> [Work order]:
Give the lines again exactly as they appear below, from the line with "4月20日上午9点53分,雅" to the line with "糖果色套头围巾,围两层有厚厚", both included, and only those lines. Leave every picture out.
── Excerpted records
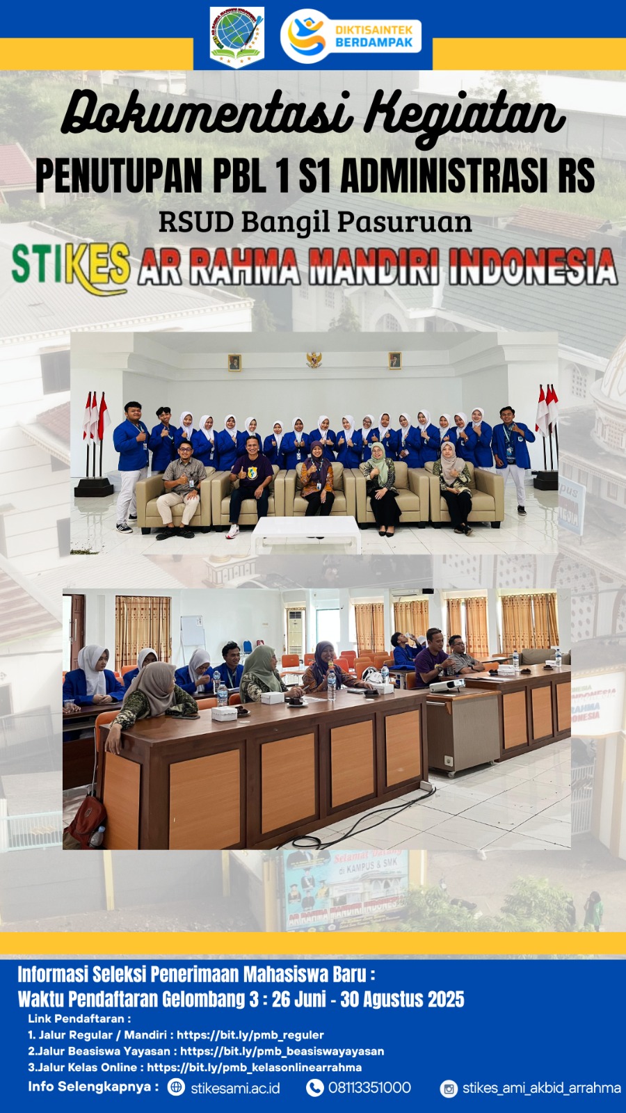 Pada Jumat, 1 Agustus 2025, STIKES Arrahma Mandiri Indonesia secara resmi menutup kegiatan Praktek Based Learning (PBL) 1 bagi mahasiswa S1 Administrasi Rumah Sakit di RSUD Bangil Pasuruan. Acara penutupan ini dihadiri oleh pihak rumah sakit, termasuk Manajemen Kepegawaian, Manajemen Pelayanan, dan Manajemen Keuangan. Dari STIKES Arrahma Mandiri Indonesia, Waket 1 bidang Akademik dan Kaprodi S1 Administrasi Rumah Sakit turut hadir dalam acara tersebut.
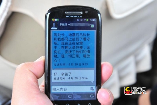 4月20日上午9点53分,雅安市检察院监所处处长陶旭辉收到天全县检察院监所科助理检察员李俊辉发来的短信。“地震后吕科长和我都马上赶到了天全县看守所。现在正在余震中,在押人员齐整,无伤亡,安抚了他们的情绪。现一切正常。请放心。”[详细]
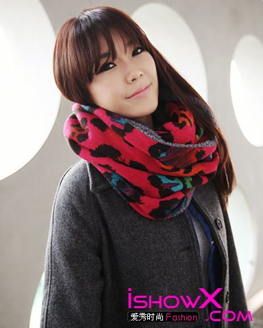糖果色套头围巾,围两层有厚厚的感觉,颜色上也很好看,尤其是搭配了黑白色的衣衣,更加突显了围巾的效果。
────
── Excerpted records
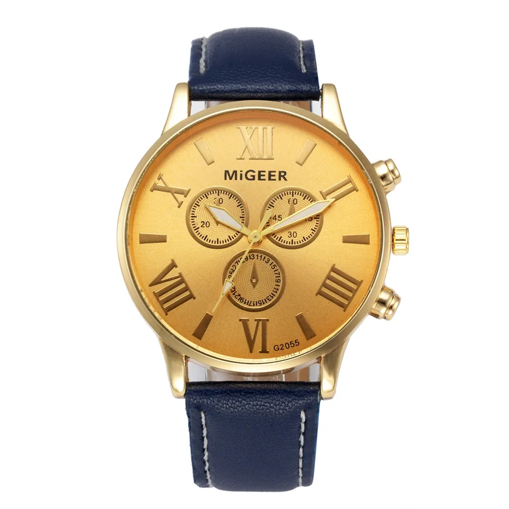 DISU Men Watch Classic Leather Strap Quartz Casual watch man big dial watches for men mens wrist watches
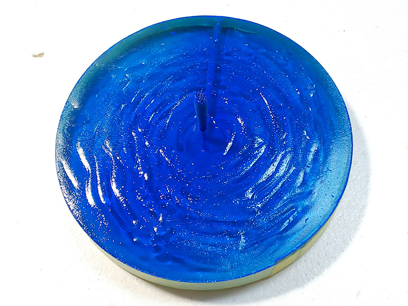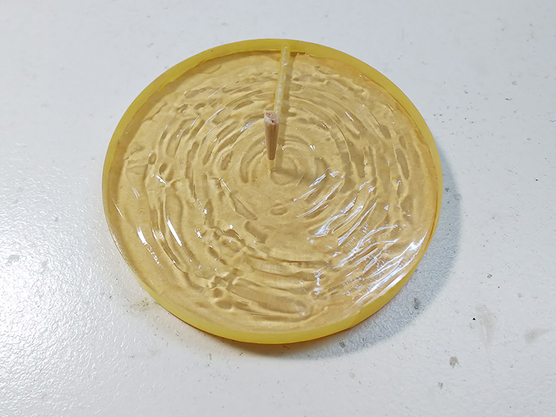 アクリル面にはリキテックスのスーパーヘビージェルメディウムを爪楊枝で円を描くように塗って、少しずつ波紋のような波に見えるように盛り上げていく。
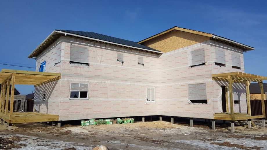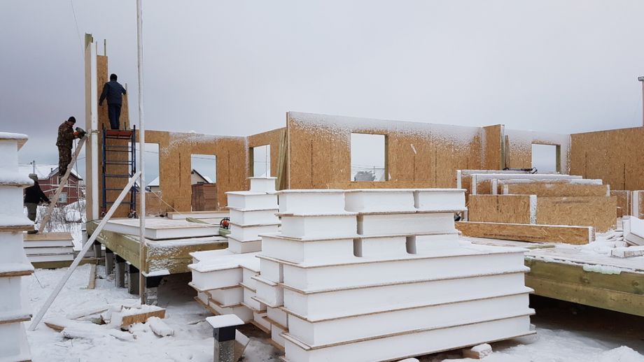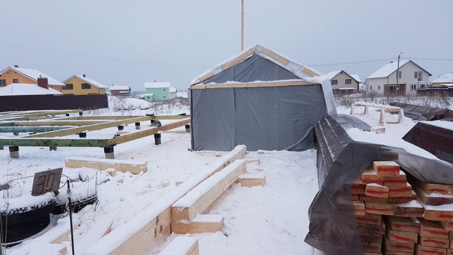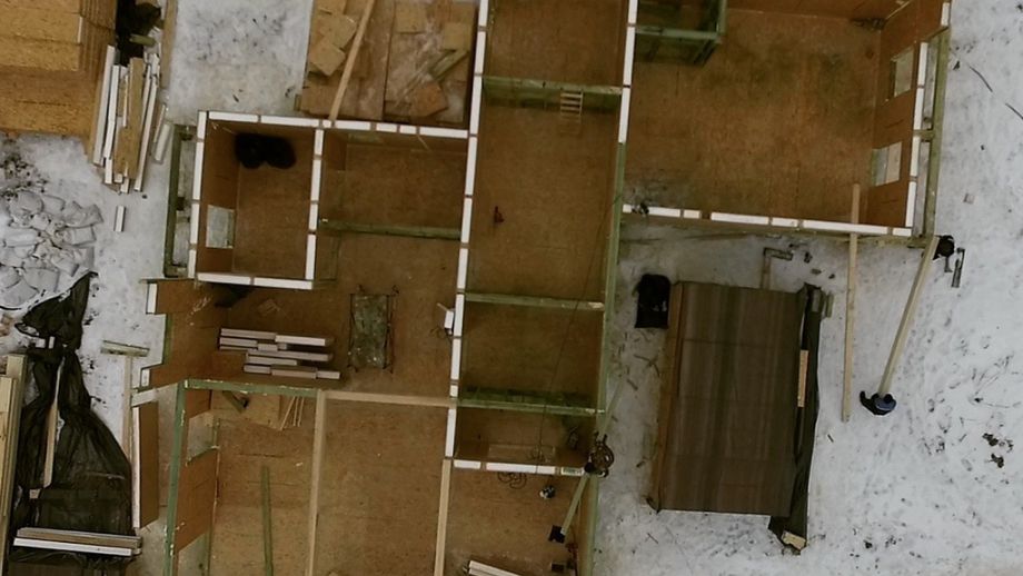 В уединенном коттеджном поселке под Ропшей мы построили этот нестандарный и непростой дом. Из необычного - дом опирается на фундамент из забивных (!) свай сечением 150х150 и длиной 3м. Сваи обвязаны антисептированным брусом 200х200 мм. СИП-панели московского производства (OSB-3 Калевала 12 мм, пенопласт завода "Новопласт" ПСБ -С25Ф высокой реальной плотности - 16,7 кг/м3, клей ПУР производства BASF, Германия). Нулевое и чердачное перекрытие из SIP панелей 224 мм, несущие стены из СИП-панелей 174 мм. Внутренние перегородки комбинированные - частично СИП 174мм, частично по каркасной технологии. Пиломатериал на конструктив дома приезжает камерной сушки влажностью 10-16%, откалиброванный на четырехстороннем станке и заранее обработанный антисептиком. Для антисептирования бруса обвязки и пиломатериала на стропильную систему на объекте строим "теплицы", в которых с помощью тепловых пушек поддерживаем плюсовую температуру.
────
> [Expected output]:
 4月20日上午9点53分,雅安市检察院监所处处长陶旭辉收到天全县检察院监所科助理检察员李俊辉发来的短信。“地震后吕科长和我都马上赶到了天全县看守所。现在正在余震中,在押人员齐整,无伤亡,安抚了他们的情绪。现一切正常。请放心。”[详细]
糖果色套头围巾,围两层有厚厚的感觉,颜色上也很好看,尤其是搭配了黑白色的衣衣,更加突显了围巾的效果。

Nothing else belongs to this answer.